Exam was not aligned with instructional activities.
If students’ practice has all been of one kind or has focused on one set of knowledge and skills and then the instructor gives an exam that goes well beyond the scope of what students have practiced, students will have difficulty and will likely perform poorly. This is because what people learn (e.g., any new knowledge and skills) is directly related to (and rarely goes much beyond) the knowledge and skills they get to practice. This aspect of learning is often surprising to instructors because, for them, the different pieces of knowledge and the various skills associated with a given topic seem so interconnected that knowing one piece is practically the same as knowing another piece.
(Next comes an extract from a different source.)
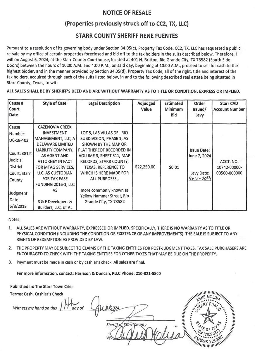 Pursuant to a resolution by Commissioners Court, Starr County, as authorized by Section 34.05(c), Property Tax Code, has requested a public re-sale by my office of certain properties previously foreclosed and bid off to the taxing units in the suits described below. Therefore, I will on August 06, 2024, at the South Side Doors of the Courthouse, of the said County, located at 401 N. Britton, Rio Grande City, Texas, between the hours of 10:00 A.M. and 4:00 P.M. on said day, beginning at 10:30 A.M., proceed to sell for cash to the highest bidder, and in the manner provided by Section 34.05(d), Property Tax Code, all of the right, title and interest of the taxing units, acquired through each of the suits listed below, in and to the following described real estate being situated in Starr County, Texas, to wit:

This is not the case, however, for students who are still novices in the domain and lack experts’ interconnected knowledge structures.
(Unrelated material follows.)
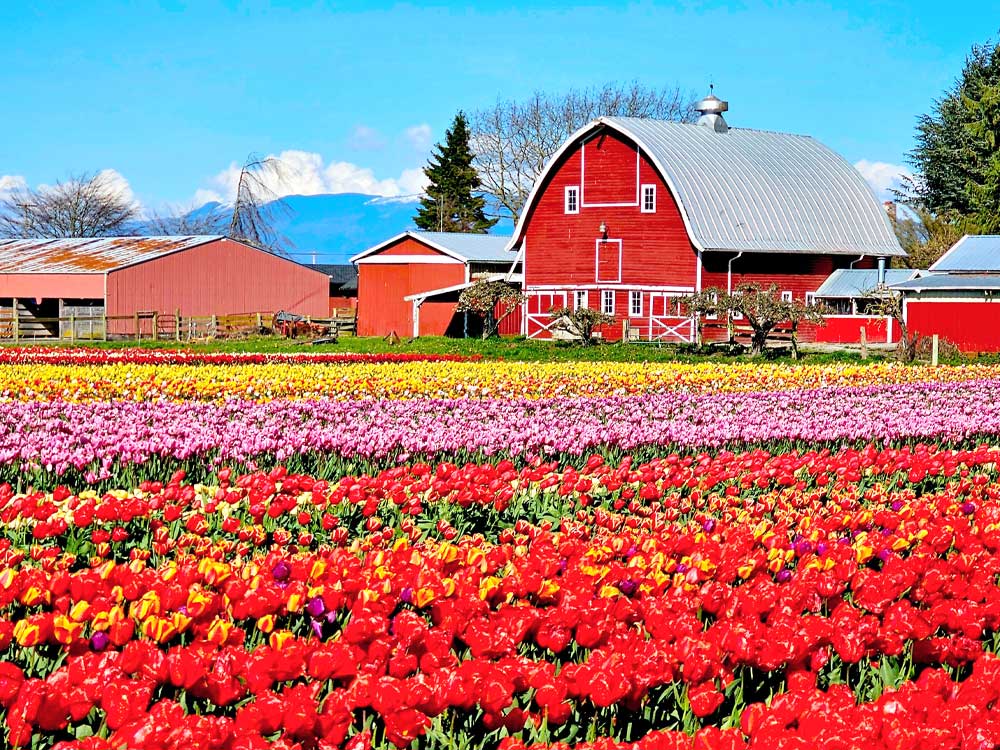 ① 루젠가르데 튤립 축제 - 그림처럼 끝없이 펼쳐진 형형색색의 튤립 밭을 배경으로 하는 워싱턴주 대표 명소

The most important feature of an effective course is how well its key components – learning objectives, instructional activities, and assessments – are aligned with each other.
For example, instructional activities and learning objectives are well aligned when students have the chance to learn and practice what you want them to be able to do by the end of the course; learning objectives and assessments are well aligned when the course assessments actually test students on what you want them to learn.
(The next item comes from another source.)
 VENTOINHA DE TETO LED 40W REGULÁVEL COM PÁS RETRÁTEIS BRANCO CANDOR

So, when you think an exam was not well aligned with the preceding instructional activities, the first step is to analyze what knowledge components students likely used as they went through the instructional activities (e.g., what facts or concepts were discussed during a lecture, what skills did students practice while completing a homework assignment) and then similarly analyze what knowledge components would be required to perform well on the exam.
In most cases, we find that there are mismatches between the knowledge students practiced and the knowledge they needed to perform well on an exam. This is particularly true when one is careful to consider as “practiced” only the knowledge that the students themselves actually used (e.g., by applying a concept to a new example, comparing one fact to another, or using a skill to solve a problem) rather than the broader set of information they might have passively heard during a lecture or read from the textbook.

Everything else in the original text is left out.